● **Task directions**: Within the entries below, the lines from the one with "De aztán sikerült" through the one with "ДУХОВНАЯ КУЛЬТУРАСуществует много" are to be set down exactly, both ends kept.

BEGIN Record extracts

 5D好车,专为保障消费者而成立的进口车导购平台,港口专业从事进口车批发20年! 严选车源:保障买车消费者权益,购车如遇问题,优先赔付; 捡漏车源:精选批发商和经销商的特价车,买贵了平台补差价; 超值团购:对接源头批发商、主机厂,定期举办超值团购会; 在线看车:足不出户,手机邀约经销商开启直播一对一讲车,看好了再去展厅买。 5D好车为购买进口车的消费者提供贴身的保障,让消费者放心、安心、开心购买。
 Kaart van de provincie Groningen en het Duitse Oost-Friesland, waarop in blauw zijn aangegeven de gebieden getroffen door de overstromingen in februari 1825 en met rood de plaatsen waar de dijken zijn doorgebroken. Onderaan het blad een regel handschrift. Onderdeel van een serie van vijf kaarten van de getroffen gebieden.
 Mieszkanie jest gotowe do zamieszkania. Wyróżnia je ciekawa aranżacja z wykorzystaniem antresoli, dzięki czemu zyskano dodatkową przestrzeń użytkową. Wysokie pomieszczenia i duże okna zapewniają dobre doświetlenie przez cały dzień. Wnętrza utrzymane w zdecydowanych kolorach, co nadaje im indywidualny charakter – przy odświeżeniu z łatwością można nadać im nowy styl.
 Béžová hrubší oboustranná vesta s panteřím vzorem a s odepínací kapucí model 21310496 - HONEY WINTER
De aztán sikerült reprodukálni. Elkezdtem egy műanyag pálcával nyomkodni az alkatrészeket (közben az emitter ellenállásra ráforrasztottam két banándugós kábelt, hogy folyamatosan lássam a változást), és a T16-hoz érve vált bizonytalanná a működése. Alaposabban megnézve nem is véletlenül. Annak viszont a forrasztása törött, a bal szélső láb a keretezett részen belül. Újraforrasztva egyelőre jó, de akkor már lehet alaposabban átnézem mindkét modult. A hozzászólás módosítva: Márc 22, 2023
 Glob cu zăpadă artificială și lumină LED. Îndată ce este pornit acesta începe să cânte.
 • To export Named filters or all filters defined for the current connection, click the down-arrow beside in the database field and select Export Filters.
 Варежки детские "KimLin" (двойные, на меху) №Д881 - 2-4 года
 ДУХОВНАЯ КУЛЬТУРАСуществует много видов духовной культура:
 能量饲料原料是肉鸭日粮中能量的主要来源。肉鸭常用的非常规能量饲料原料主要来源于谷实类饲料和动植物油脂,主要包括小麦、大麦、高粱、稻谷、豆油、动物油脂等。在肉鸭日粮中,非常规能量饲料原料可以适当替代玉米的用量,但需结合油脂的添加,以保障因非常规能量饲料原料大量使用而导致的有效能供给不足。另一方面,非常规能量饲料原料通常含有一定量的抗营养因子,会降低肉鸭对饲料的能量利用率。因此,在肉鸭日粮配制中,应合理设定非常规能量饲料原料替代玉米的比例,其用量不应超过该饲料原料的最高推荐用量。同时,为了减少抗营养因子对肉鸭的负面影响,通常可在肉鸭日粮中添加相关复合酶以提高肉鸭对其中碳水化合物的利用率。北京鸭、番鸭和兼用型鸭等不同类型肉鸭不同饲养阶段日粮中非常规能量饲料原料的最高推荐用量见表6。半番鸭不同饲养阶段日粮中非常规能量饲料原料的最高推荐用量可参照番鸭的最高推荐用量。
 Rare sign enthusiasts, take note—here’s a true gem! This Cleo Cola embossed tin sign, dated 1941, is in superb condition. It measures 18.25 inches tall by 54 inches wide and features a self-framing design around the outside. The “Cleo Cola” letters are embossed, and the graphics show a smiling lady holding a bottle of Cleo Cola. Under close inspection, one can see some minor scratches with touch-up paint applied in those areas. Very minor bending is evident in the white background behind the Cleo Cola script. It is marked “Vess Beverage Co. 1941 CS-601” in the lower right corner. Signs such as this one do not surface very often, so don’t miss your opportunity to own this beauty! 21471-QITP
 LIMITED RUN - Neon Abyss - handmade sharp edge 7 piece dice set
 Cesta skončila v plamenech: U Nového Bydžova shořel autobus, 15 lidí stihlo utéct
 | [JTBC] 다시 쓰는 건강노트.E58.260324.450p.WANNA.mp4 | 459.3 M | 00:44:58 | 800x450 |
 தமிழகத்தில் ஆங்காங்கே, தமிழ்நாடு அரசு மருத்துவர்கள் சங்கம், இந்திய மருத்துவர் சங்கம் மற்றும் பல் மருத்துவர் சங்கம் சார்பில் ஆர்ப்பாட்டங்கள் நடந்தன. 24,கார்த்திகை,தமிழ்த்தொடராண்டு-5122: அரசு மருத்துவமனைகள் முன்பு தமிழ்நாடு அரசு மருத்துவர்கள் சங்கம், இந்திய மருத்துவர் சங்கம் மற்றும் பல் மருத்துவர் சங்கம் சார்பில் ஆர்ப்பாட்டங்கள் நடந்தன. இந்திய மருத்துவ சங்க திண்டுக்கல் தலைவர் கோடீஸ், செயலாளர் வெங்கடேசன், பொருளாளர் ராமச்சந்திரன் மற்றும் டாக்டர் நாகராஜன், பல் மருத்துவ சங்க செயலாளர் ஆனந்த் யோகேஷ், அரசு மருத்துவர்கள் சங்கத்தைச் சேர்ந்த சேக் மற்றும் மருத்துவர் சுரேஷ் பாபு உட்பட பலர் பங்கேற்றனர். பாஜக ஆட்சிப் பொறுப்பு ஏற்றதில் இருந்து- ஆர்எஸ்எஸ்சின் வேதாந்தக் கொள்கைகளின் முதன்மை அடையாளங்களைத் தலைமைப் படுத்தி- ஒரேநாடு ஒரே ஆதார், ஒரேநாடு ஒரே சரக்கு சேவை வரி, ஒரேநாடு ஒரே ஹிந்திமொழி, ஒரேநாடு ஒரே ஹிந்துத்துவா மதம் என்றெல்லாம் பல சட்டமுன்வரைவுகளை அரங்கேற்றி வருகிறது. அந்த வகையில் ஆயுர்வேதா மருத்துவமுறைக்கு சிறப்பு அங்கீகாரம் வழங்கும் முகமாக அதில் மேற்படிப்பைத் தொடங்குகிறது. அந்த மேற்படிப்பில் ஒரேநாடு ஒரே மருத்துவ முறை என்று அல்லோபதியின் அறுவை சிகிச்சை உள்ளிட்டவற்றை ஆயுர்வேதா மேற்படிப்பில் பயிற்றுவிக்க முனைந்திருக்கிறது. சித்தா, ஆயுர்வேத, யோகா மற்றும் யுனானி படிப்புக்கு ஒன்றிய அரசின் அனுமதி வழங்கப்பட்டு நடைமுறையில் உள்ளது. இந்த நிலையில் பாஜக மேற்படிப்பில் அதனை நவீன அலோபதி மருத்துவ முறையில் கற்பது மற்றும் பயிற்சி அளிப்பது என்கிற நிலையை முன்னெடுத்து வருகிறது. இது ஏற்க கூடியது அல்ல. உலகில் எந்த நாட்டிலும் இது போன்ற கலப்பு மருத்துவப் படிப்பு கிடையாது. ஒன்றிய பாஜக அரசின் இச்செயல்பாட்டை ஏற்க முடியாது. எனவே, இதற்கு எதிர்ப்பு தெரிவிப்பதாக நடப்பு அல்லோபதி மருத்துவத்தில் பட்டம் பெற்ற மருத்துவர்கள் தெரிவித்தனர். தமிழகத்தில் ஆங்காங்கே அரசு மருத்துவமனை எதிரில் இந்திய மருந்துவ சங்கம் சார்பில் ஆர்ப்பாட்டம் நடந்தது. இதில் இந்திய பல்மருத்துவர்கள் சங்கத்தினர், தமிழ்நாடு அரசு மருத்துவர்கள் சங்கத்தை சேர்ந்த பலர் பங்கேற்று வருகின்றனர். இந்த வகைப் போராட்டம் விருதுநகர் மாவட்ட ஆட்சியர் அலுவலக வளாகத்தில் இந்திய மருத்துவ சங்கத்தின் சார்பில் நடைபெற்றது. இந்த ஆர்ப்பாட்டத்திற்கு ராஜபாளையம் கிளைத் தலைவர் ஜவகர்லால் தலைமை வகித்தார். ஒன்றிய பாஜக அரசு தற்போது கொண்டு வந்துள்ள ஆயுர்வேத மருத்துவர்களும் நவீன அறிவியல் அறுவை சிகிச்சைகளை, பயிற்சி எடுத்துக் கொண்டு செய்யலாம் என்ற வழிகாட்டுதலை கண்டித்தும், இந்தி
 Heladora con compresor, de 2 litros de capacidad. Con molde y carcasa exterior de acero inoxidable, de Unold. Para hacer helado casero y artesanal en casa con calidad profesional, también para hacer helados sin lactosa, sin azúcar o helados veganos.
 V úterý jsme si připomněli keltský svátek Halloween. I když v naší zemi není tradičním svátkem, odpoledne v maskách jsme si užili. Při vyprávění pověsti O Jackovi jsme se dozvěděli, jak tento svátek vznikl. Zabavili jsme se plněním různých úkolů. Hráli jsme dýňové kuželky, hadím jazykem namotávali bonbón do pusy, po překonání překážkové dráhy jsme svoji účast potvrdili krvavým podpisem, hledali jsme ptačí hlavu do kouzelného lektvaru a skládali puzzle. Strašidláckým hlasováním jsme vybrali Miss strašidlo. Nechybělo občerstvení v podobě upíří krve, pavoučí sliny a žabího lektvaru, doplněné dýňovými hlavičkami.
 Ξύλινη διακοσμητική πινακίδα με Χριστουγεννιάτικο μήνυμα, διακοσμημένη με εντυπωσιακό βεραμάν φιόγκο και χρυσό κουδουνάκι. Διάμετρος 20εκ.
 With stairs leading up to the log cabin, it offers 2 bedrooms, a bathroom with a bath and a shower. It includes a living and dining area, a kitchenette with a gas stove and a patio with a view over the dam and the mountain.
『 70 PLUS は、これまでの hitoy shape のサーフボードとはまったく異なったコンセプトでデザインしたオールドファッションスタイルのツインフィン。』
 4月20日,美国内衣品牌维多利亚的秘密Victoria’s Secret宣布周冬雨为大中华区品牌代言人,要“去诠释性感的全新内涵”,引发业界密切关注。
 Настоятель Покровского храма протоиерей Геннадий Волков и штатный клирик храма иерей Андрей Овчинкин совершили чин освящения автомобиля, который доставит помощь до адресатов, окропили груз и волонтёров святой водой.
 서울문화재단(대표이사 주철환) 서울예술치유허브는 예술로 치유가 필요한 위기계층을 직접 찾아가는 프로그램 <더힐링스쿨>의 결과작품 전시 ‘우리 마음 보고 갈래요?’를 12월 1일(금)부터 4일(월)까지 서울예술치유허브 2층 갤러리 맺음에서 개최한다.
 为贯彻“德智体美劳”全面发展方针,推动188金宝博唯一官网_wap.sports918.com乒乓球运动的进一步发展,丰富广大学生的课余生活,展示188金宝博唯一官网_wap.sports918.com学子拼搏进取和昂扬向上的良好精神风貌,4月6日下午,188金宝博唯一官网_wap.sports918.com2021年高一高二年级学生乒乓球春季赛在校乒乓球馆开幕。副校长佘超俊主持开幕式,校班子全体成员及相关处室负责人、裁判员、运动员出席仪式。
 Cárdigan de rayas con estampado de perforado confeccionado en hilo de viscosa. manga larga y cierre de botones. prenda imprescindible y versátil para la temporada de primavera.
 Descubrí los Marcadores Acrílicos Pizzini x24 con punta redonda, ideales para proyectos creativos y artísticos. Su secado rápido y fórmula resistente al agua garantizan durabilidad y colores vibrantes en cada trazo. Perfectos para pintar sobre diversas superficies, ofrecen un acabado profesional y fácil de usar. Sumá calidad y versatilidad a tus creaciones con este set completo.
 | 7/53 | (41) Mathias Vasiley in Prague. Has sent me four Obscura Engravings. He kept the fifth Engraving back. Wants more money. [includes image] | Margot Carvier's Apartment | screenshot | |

END Record extracts

● **Response box**:
De aztán sikerült reprodukálni. Elkezdtem egy műanyag pálcával nyomkodni az alkatrészeket (közben az emitter ellenállásra ráforrasztottam két banándugós kábelt, hogy folyamatosan lássam a változást), és a T16-hoz érve vált bizonytalanná a működése. Alaposabban megnézve nem is véletlenül. Annak viszont a forrasztása törött, a bal szélső láb a keretezett részen belül. Újraforrasztva egyelőre jó, de akkor már lehet alaposabban átnézem mindkét modult. A hozzászólás módosítva: Márc 22, 2023
 Glob cu zăpadă artificială și lumină LED. Îndată ce este pornit acesta începe să cânte.
 • To export Named filters or all filters defined for the current connection, click the down-arrow beside in the database field and select Export Filters.
 Варежки детские "KimLin" (двойные, на меху) №Д881 - 2-4 года
 ДУХОВНАЯ КУЛЬТУРАСуществует много видов духовной культура:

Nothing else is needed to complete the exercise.